Patients' score on impersistence at school or work was correlated negatively with the P600 effect to incongruous (vs. congruous) video endings (r = -.508, p < .05): the higher the impersistence score, the smaller, less positive, the P600 effect – Figure 5B. This correlation appeared to stem primarily from the P600 response in the incongruous condition (r = -.457, p = .07) rather than the P600 response in the congruous condition (r = .078, p = .77). A similar pattern of results was also observed in the secondary analysis with the P600 effect to the less comprehensible incongruous (vs. congruous) final scenes: impersistence at school or work correlated negatively with the P600 effect (r = -.604, p < .02; Figure 5C), and the P600 response in the incongruous (r = -.510, p < .05) but not congruous condition (r =.146, p > .1). Impresistence at school or work was not correlated with the N300 and N400 effects (r = -.380, p > .1, r = -.104, p > .1, respectively).
The above N400 and P600 correlations were highly selective. Correlations were not significant between these ERP effects and scores on the Reality Distortion (r = .264, p > .1; r = .171, p > .1, respectively) and Poverty Symptoms factors (r = .286, p > .1; r = .210, p > .1, respectively). Correlations were also not significant with the SANS global ratings of avolition-apathy (r = .165, p > .1; r = .224, p > .1, respectively) and anhedonia-asociality (r = .319, p > .1; r = -.023, p > .1, respectively), and the BPRS composite score on the Anxiety/Depression factor (r = .342, p > .1; r = .216, p > .1, respectively).
Finally, in both participant groups, accuracy in classifying the videos into congruous/incongruous was not correlated with the N400 and P600 ERP effects (controls: r = .121, p > .1; r = -.047, p > .1, respectively; patients: r = -.144, p > .1; r = .208, p > .1, respectively). This behavioral accuracy also did not correlate with patients' scores on the Disorganization factor and impersistence at school or work (r = .119, p > .1; r = -.336, p > .1, respectively).

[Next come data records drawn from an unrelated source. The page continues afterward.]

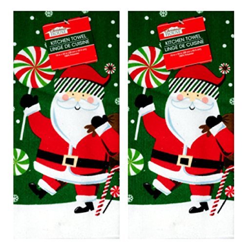 クリスマスディッシュ/ゲストタオルのセット2サンタデザインGreat Gift 。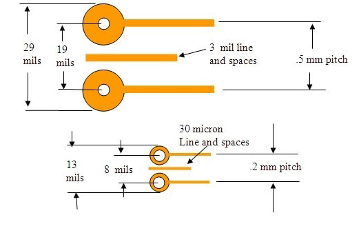 使用新的微电路设计技术代替常规的印刷电路技术可节省大量的空间。如今,典型的75微米线宽的最佳间距约为.5mm,通过75微米线和250微米(10mils)的焊盘可得到75微米(3mils)。垫片之间的间距为225微米(9mils),垫片之间仅允许一条75微米的线,对于大多数商店来说,这种最小规格是很难的。
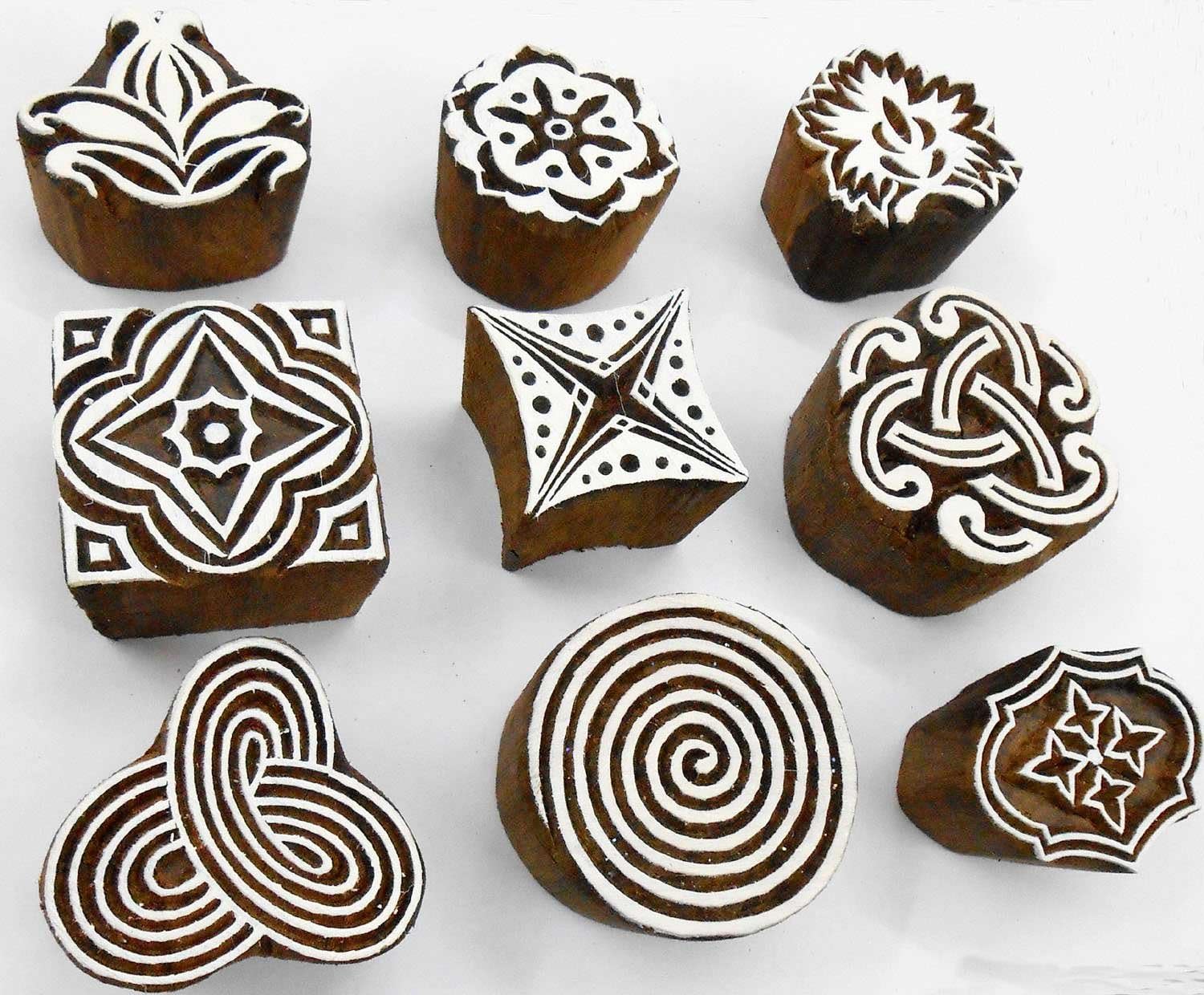 - Wholesale Lot of 9 Wooden Block Stamps for Textile Printing/ Scrapbooking/ Henna Tattoo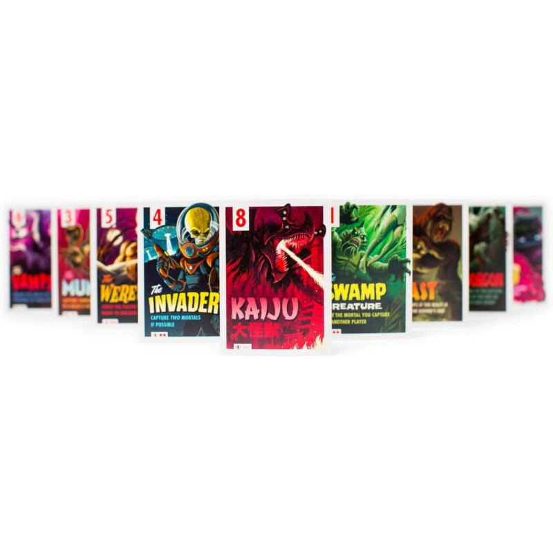 *The definitive board game for monster lovers* featuring 10 original illustrations of classic horror monsters like Blob, Kaiju, Invisible Man, Swamp Creature, Demogorgon, and more!
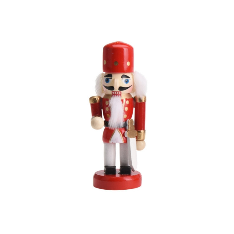 Karácsonyfadísz diótörő - piros ruhában, karddal

The current study presents evidence for specific neurocognitive abnormalities that may underlie dysfunctional conceptual processing in schizophrenia during comprehension of complex, naturalistic goal-directed behaviors presented in video clips. The video clips ended either with a congruous or incongruous final scene. When comprehending the incongruous scenes, increased demands on the neurocognitive process mapping the input on graded semantic memory networks were assumed to modulate the N400, and increased demands on the neurocognitive process integrating perceived actions and entities based on goal-related requirements were assumed to modulate the P600. As similar neurocognitive mechanisms mediating conceptual processes/representations may be utilized both in comprehension and execution of real-world behaviors (Humphreys and Forde, 1998; Rizzolatti et al., 2001; Ruby et al., 2002), we reasoned that abnormalities revealed during comprehension may help to understand patients' clinical behavioral symptoms. The results revealed that in schizophrenia patients, increased N400 priming was correlated with the severity of disorganization symptoms, assessed using a composite score on a subset of the SAPS, SANS, and BPRS ratings: the more severe the disorganization, the smaller (less negative) the N400 to congruous scenes, the larger the N400 effect to incongruous (vs. congruous) scenes. In addition, the P600 to incongruous video endings and the P600 effect to incongruous (vs. congruous) endings were strongly attenuated in patients relative to healthy controls. In patients, the P600 effect was inversely correlated with the severity of goal-directed behavior deficits, assessed using the SANS score of impersistence at school or work: the more impaired the goal-directed behavior, the smaller (less positive) the P600 effect. Finally, a secondary analysis revealed that neurocognitive abnormalities in schizophrenia were especially pronounced during viewing incongruous scenes that were harder to make sense of based on the goal-related action requirements. The less comprehensible incongruous (vs. congruous) scenes evoked a P600 effect in controls, but an N400 effect in patients.
The N400 effect to incongruous (vs. congruous) video endings was evident in schizophrenia patients. Taken together with similar earlier reports in language comprehension (e.g., Grillon et al., 1991; Niznikiewicz et al., 1997; Sitnikova et al., 2002; Iakimova et al., 2005; Kuperberg et al., 2006c), this suggests that, in general, patients are able to use their real-world knowledge, accessed from graded semantic memory networks, in comprehension. Interestingly, we also found no evidence for any delay of this processing in schizophrenia: the negative-going ERP effect to the incongruous (vs. congruous) video endings was not different between controls and patients even in the earlier N300 time-window6. However, our study sample was relatively small (16 patients and 16 controls), and this might have prevented us from detecting certain more subtle between-group differences.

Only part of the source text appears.